Today, thanks to big data, both the Democratic and Republican Parties believe they know everything about the American voter. If you’re a U.S. citizen who has disclosed personal information to a company or organization ranging from the NRA to your local CVS, odds are that this data has been sold to the two major political parties to help them frame, shape and refine their messaging. These political databases now contain information about more than 195 million registered and unregistered U.S. voters, up to and including their ages, addresses, ethnicities and educational levels.
But do the Democratic and Republican Parties and candidates really know as much as they think they do about the U.S. electorate? Chances are they don’t.

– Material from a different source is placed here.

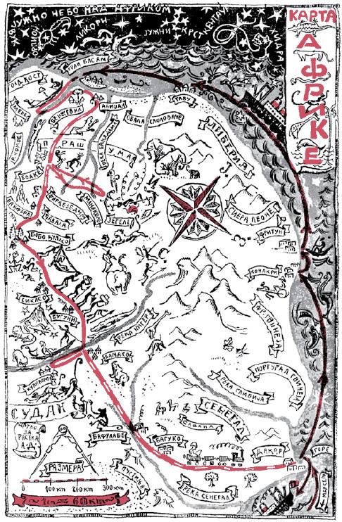 В своё путешествие во французскую Западную Африку (тогдашний Западный Судан) тридцатилетний Растко Пéтрович отправился в декабре 1928 года. К тому времени он уже известный в Королевстве Сербов, Хорватов и Словенцев писатель и поэт, автор двух модернистских романов (1921, 1927) и сборника стихов (1922), которого сегодня относят к зачинателям сербского сюрреализма. Участник Первой мировой, он вместе с частями действующей армии, вынужденной зимой 1914–1915 годов отступать из оккупированной Сербии, оказался на греческом острове Корфу, откуда перебрался в Ниццу, а затем в Париж, и там поступил учиться правовым дисциплинам как стипендиат союзного французского правительства. В городе, культурная жизнь которого в те годы расцветала самыми яркими авангардными новациями, он встречался с Андре Жидом, Жаном Кокто, Пабло Пикассо, Андре Сальмоном, Полем Элюаром и, конечно, с Андре Бретоном – и через десятилетие с небольшим он напишет газетный очерк о нём и о сюрреализме в белградской газете «Време». Вернувшись на родину, Петрович привёз с собой большую подборку дадаистских изданий. Первое время он сотрудничал с авангардным журналом «Зенит», затеянным Любомиром Мицичем в феврале 1921 года, – опубликовал в нём несколько стихотворений, а также статью о современном искусстве в Париже (в первых номерах журнала он даже был указан как его парижский представитель).

Big Data has fooled us into believing that at long last we’re omniscient. Not true. Big Data records what people say they want, but we all know how different that can be from the truth. Voters may brag to their friends that they support edgier candidates like Donald Trump or Bernie Sanders, and then behind the voter-booth curtains make the rational choice—as Hillary Clinton has positioned herself—or, alternately, vote for a Republican candidate like John Kasich or Jeb Bush, who may be less than fashionable to support publicly among their friends. Similarly, we all know how different our true selves and lives are from what we project on Facebook.
Big-brand consumer marketers have already found out that big data alone can’t tell them what consumers really want. Nor are they shy about inspecting consumers’ bedrooms and kitchens and analyzing music and media habits in search of “small data,” subconscious behavioral clues that tell them things big data can’t.
No, Trump and Clinton probably have no plans to rifle through your sweater drawer, or analyze the figurines on your dresser, but their campaigns need to face the fact that the Big Data revolution has its limits, and that if we think it provides all the facts, the consequences are risky. If Clinton’s campaign had looked behind big data to better understand voters, it could have recognized much earlier on the candidate’s lack of popularity among young women, and that running as the “safe” candidate would take all the excitement out of her campaign. And rather than skipping the debate preceding the Iowa caucuses in which he fared so poorly, Trump may have elected instead to participate.
If the candidates want to understand—and cater to—the desires of voters, they need to look beyond the data trail. Do you really think candidates in possession of reams of data they purchased about you really know who you are, and what you want? If we automate and data-fy the human process of connecting with voters, rather than electing a candidate who truly understands us, we might as well elect a robot.